While he was a lawyer in Metz, Schuman was elected into the French Parliament from Moselle in 1919. Between 1919 and 1936, he was very active in the commission on Alsace-Lorraine created by the French Chamber of Deputies. He worked on the difficult process of reintegrating Alsace and Moselle into the French Republic. Notably, Schuman wished to defend the local particularities of the former annexed departments which benefited from a better legal regime in fields such as religious freedom and social protections.
However, it was after World War Two, in the capacity of Foreign Minister (1948 to 1952), that Schuman took on a European perspective.
Economic difficulties piled on top of political problems related to confrontation between the Western and Eastern blocs. A crisis of the overproduction of steel seemed imminent. In a period of reconstruction, European countries could not afford their basic industries to fall victim to speculation or dearth. To disentangle this web of difficulties, Robert Schuman turned to Jean Monnet, chair of the Plan Commission tasked with economic planning.
Monnet believed that the unification of Europe would allow for attenuating the tensions between the two blocs. Having learned from the unfortunate experience with the Organisation for European Economic Co-operation (OEEC), Jean Monnet was convinced that European nations were not ready to consent to large-scale transfers of sovereignty.

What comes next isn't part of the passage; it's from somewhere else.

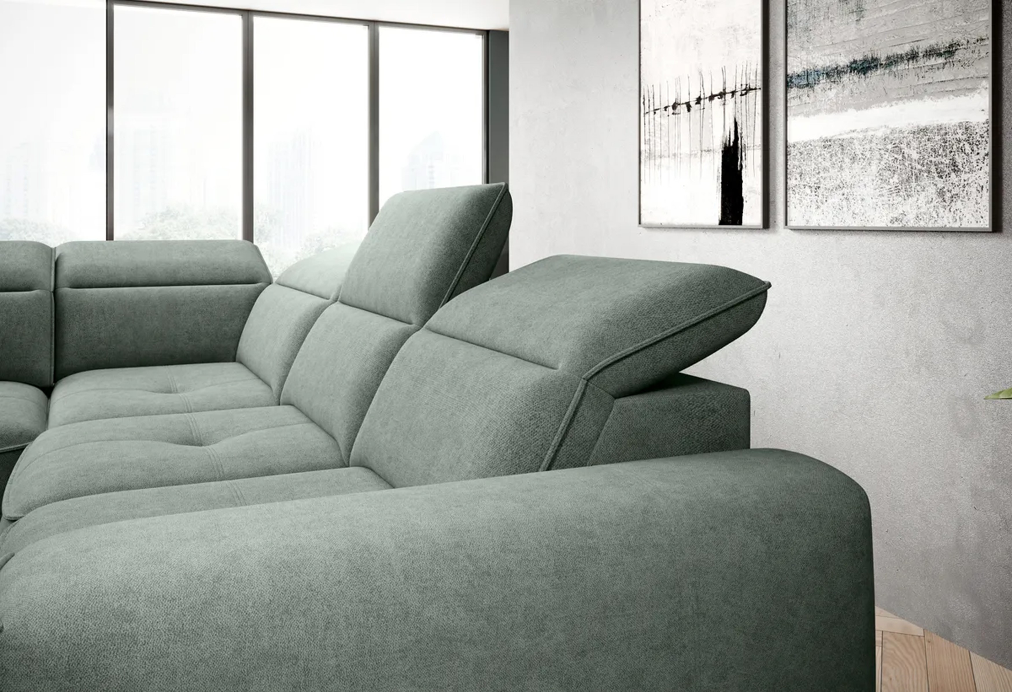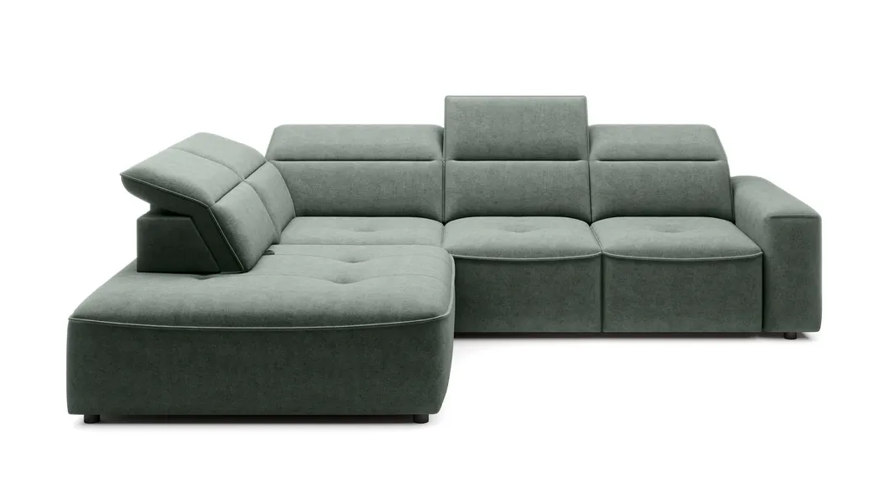 Subtelne pikowania, regulowane zagłówki i prosta forma sprawiają, że narożnik doskonale pasuje do każdego wnętrza.

He recommended limiting the objectives of the project to two precisely defined domains, and putting in place a common decision-making mechanism that would gradually receive new competences. The biggest secret surrounded Jean Monnet’s project.
The plan only brought together six countries, namely France, Italy, the Federal Republic of Germany, and the Benelux countries. The link was very concrete: the alliance was a European Coal and Steel Community (ECSC), more advanced than a simple customs union as it would involve cartellised, supranational management of the production of these two goods. The capital was not concerned - certain enterprises were nationalised, but the majority were private - but the volume of production and retail prices were fixed by a High Authority, composed of nine members, together with the counterweight of the Common Assembly and a court of justice. Coal and steel still were key products as the reconstruction was coming to an end.
On the occasion of a speech given at the Quai d’Orsay [the Quai d’Orsay is where the French Ministry of Foreign Affairs is located] on 9 May, 1950, Robert Schuman announced the plan that would bear his name. The Schuman Plan became the cornerstone of the reconstruction of Europe, looking into the future and laying down the principle according to which “Europe will not be made all at once, or according to a single plan”, but “through concrete achievements which first create a de facto solidarity”.
After the end of his ministerial career, Robert Schuman remained very active in the European Movement, advocating for a union of Europe in conferences taking place as far as the United States. Around Schuman, one could find Konrad Adenauer (1876 - 1967), Alcide De Gasperi (1881 - 1954) and Joseph Bech (1887 - 19775). These men were all imbued with Catholic culture and a Latin-Germanic dual heritage.
On 25 March, 1957, the original six member states signed the Treaties of Rome instituting the Common Market and Euratom, in a culmination of ten years’ efforts by these pioneers of Europe. The first session of the European Parliamentary Assembly opened in Strasbourg on 19 March, 1958. Robert Schuman was elected President.
Finally, on 15 May, 1958, after Konrad Adenauer, Richard Coudenhove-Kalergi and Jean Monnet, Schuman was awarded the Charlemagne Prize crowning his actions as a promoter of the European idea. The European Parliamentary Assembly, for its part, unanimously awarded him with the title of a ‘founding father’ of the European Union two years later.
Robert Schuman subsequently retired from politics and synthesised his European ideas into a posthumously-published work, ‘For Europe’. In the book, he left this thought for later generations: ‘Europe, rather than being a military alliance or an economic entity, has to be a cultural community’.